§ **What needs to be done**
Every line from the top of the records through the line containing "Riddell Philadelphia Eagles" should be retyped exactly; the pictures should not.

★ ★ ★ ★ ★ ★ ★

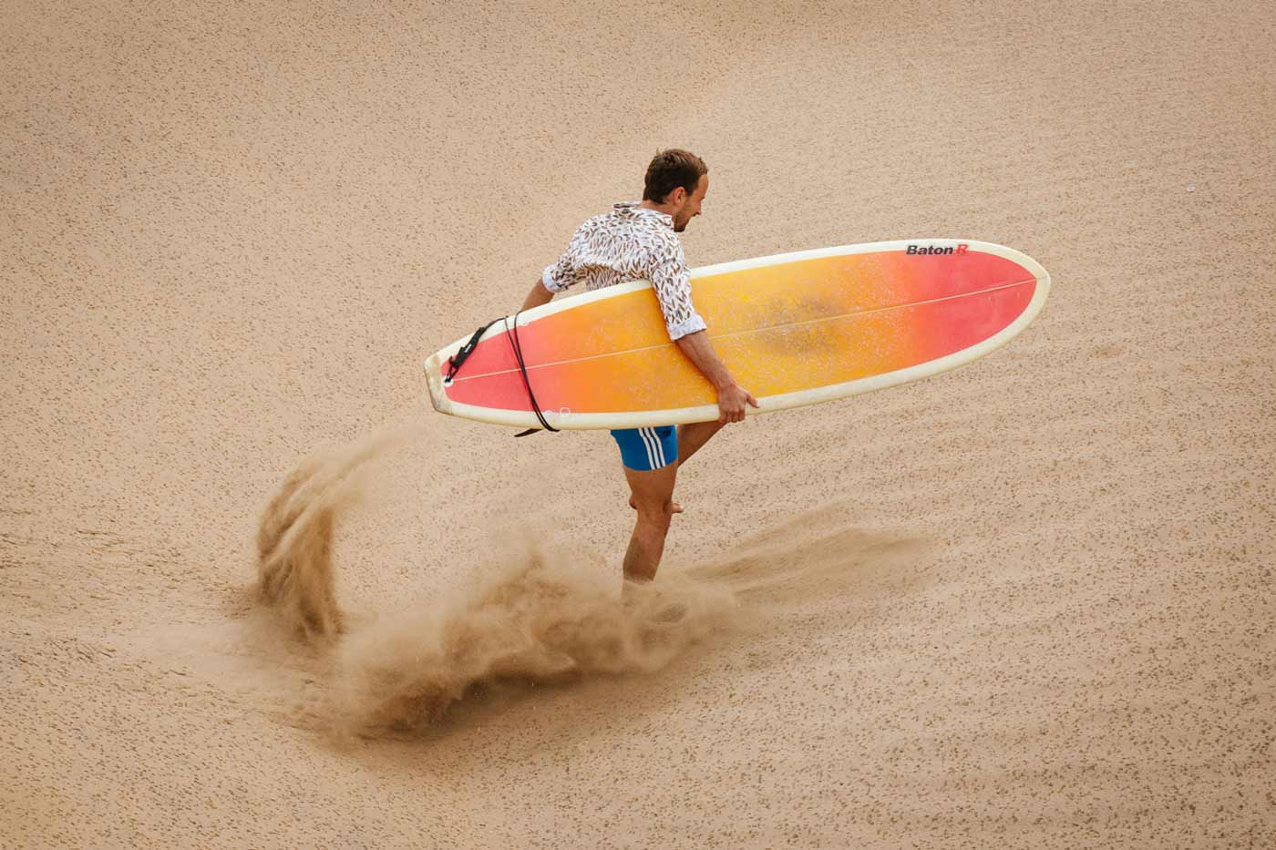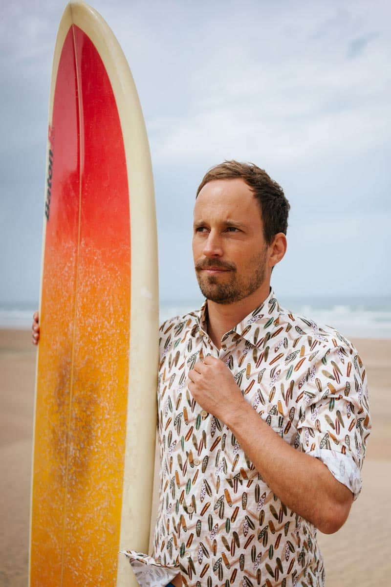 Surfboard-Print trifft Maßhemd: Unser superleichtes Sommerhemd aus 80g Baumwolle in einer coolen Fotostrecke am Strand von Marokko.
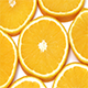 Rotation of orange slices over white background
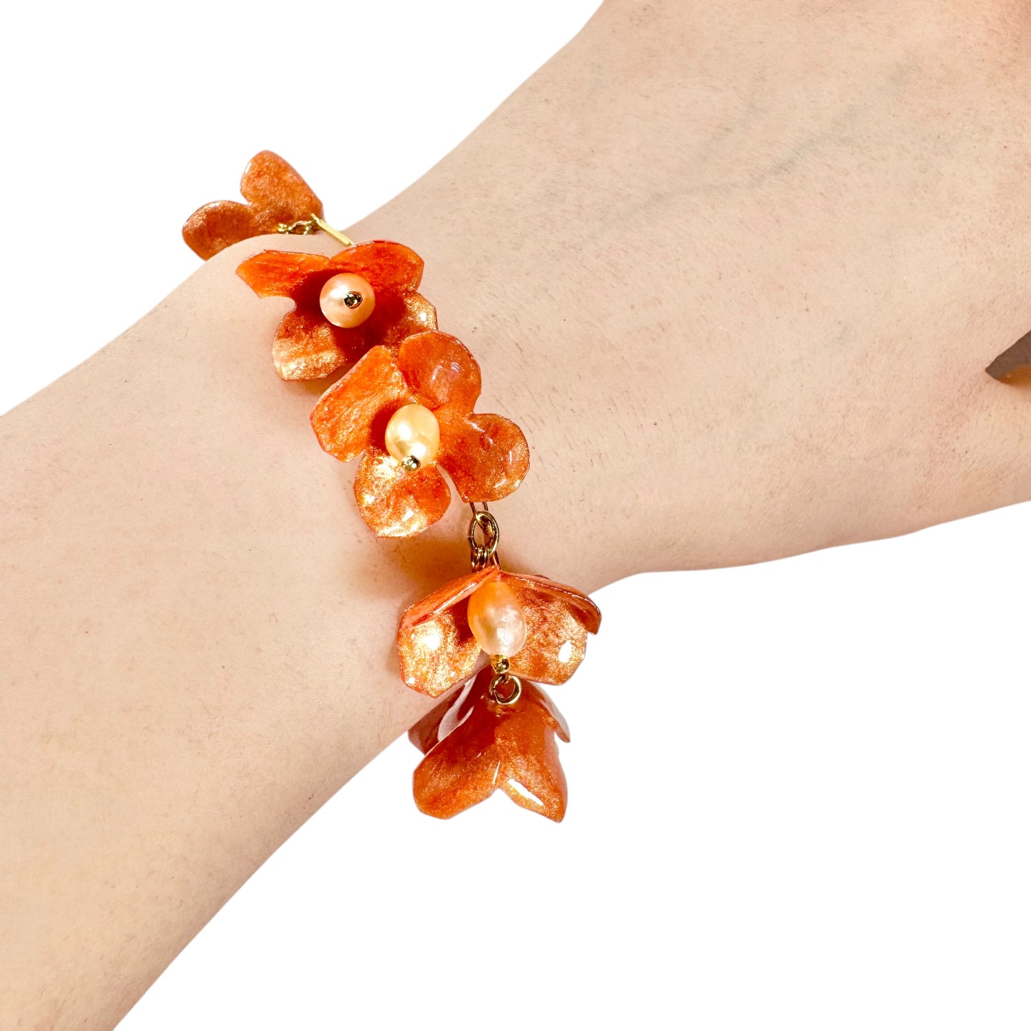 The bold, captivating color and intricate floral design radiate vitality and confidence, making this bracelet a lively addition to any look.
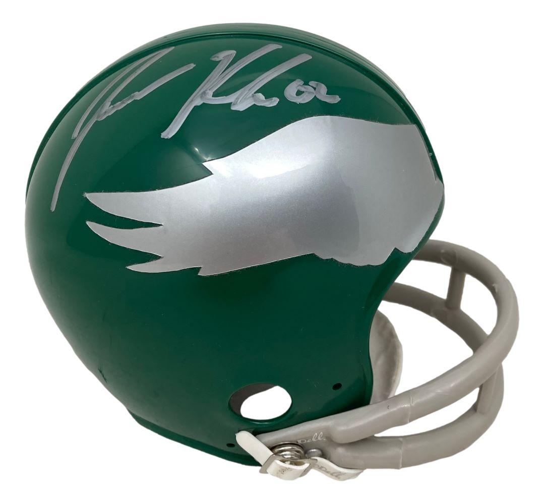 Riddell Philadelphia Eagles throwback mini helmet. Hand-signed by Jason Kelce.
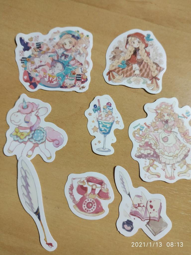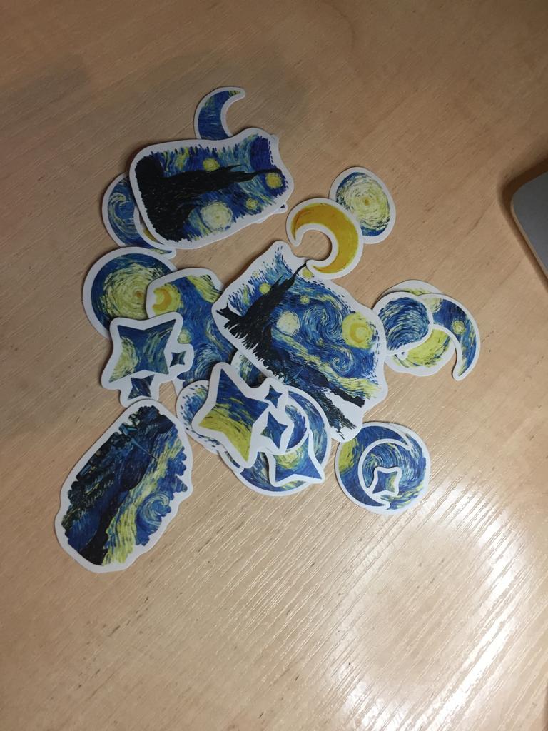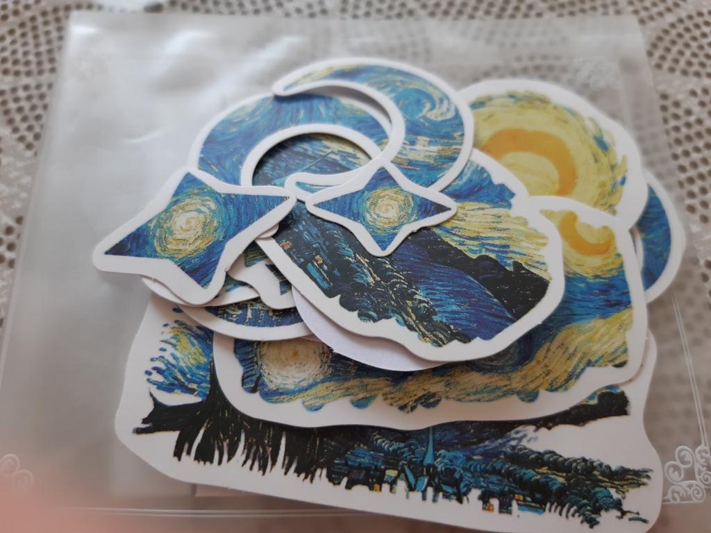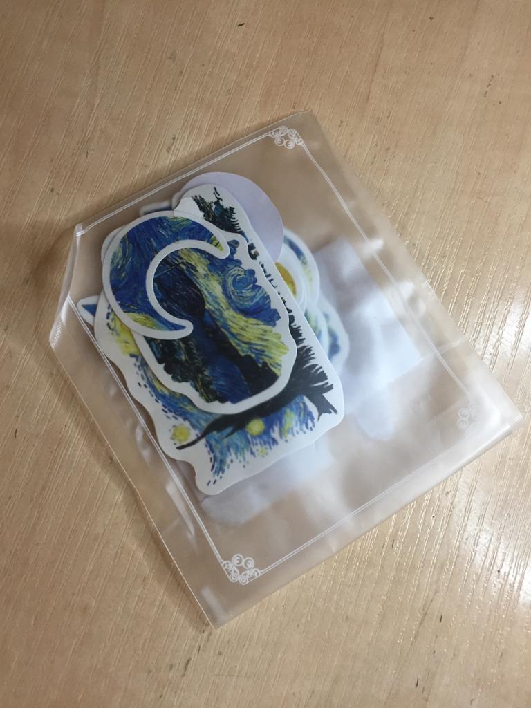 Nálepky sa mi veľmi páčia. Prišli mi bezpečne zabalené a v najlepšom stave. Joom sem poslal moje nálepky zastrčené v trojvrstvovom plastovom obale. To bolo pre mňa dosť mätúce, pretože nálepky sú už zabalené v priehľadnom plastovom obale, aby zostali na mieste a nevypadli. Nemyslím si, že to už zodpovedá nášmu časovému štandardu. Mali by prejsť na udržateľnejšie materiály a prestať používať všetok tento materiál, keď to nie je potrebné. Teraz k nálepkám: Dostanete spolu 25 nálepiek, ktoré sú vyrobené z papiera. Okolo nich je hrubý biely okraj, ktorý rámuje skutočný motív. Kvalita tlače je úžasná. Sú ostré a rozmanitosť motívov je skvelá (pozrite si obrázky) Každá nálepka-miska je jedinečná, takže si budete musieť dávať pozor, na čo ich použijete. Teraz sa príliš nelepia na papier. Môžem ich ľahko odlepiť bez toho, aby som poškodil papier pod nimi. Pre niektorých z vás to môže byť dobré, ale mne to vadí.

★ ★ ★ ★ ★ ★ ★

§ **Answer to the exercise**
 Surfboard-Print trifft Maßhemd: Unser superleichtes Sommerhemd aus 80g Baumwolle in einer coolen Fotostrecke am Strand von Marokko.
 Rotation of orange slices over white background
 The bold, captivating color and intricate floral design radiate vitality and confidence, making this bracelet a lively addition to any look.
 Riddell Philadelphia Eagles throwback mini helmet. Hand-signed by Jason Kelce.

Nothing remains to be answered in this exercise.